JAMES BEARD AWARD FINALIST
Houston’s culinary reputation as a steakhouse town was put to rest by Chris Shepherd, the Robb Report’s Best Chef of the Year. A cook with insatiable curiosity, he’s trained not just in fine-dining restaurants but in Houston’s Korean grocery stores, Vietnamese noodle shops, Indian kitchens, and Chinese mom-and-pops. His food, incorporating elements of all these cuisines, tells the story of the city, and country, in which he lives. An advocate, not an appropriator, he asks his diners to go and visit the restaurants that have inspired him, and in this book he brings us along to meet, learn from, and cook with the people who have taught him.

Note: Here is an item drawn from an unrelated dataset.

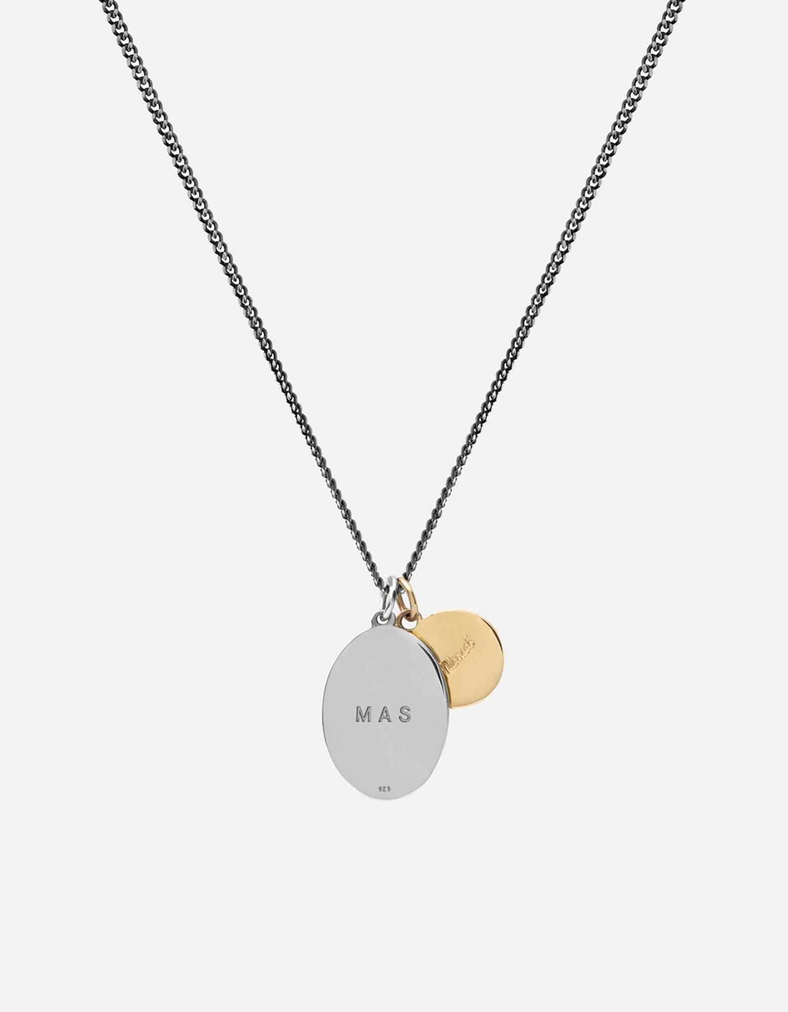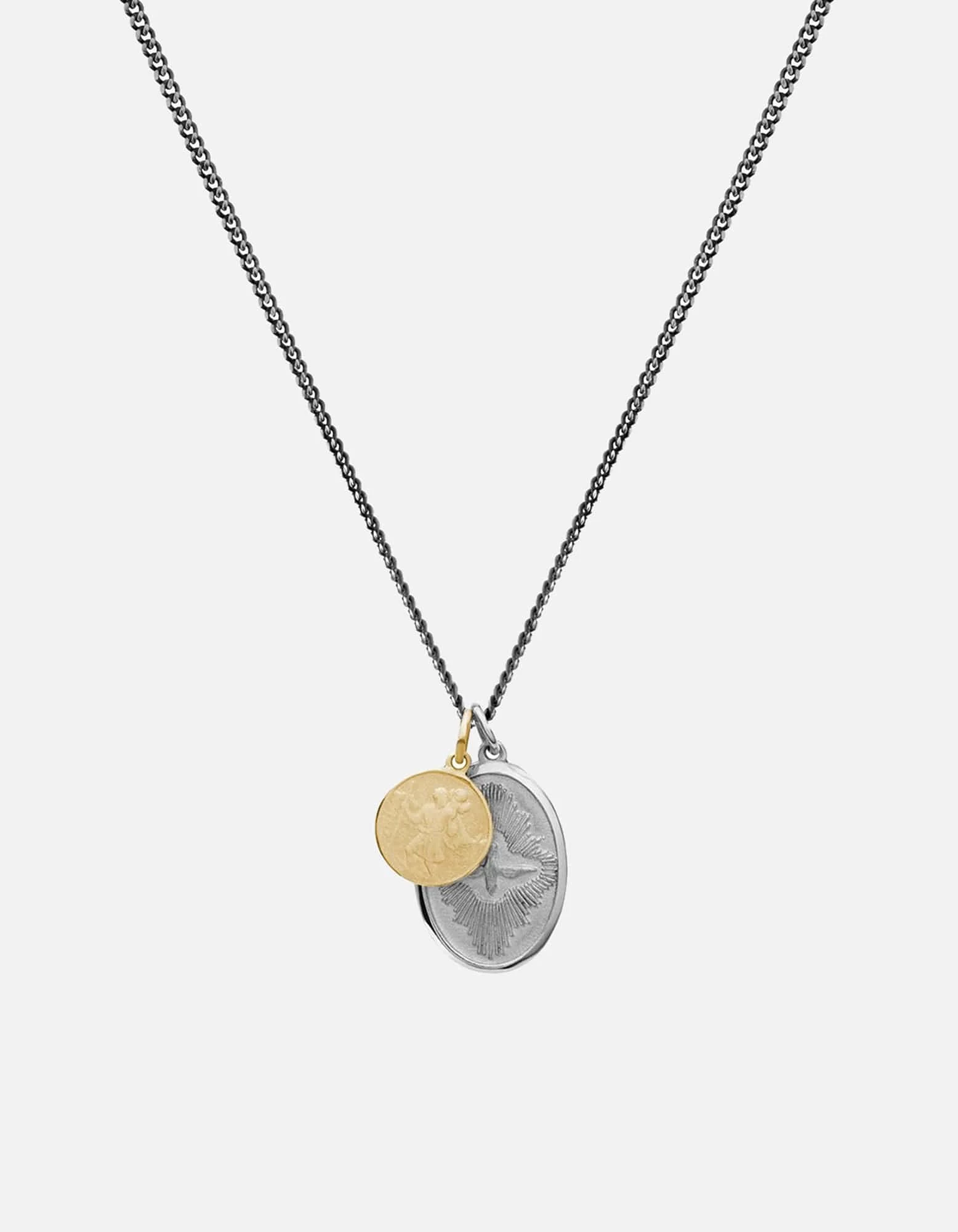 This subtle necklace for men is handmade in gold vermeil and sterling silver. Both pendants are crafted using special antique reproduction tools to allow for a unique vintage appearance. The pendant features the timeless symbol of peace and is clasped on a 24 inch sterling silver chain. It is the epitome of classic made new again.

The recipes include signatures from his restaurant—favorites such as braised goat with Korean rice dumplings, or fried vegetables with caramelized fish sauce. The lessons go deeper than recipes: the book is about how to understand the pantries of different cuisines, how to taste and use these flavors in your own cooking. Organized around key ingredients like soy, dry spices, or chiles, the chapters function as master classes in using these seasonings to bring new flavors into your cooking and new life to flavors you already knew. But even beyond flavors and techniques, the book is about a bigger story: how Chris, a son of Oklahoma who looks like a football coach, came to be “adopted” by these immigrant cooks and families, how he learned to connect and share and truly cross cultures with a sense of generosity and respect, and how we can all learn to make not just better cooking, but a better community, one meal at a time.
PUBLISHERS WEEKLY
For Houston chef Shepherd, cooking local means employing "techniques and ingredients from a spectrum of immigrant influences," which he expertly illustrates in this tempting, accessible debut. The six chapters are organized not by key ingredient (each of which is easily sourced) but by essential flavoring. Chapter one focuses on fish sauce, and the recipes, including pork riblets in fish sauce caramel, are primarily Vietnamese. The second chapter, "Chiles," is more diverse and includes recipes for green beans with Japanese curry and a chile tater tot casserole. Soy, in its many guises, is examined in the third section, which includes green curry pancakes that are drizzled with a syrup of sweet soy sauce and honey. Shepherd's signature dish, Korean braised goat and dumplings, is the star of the section on rice, with its dumplings made from pan-fried cylindrical rice cakes in a stew flavored with beer and the red chile paste called gochujang. Throughout are profiles of the markets that Shepherd frequents and their proprietors. Flavors from around the world redefine the concept of home cooking in this rich and satisfying collection.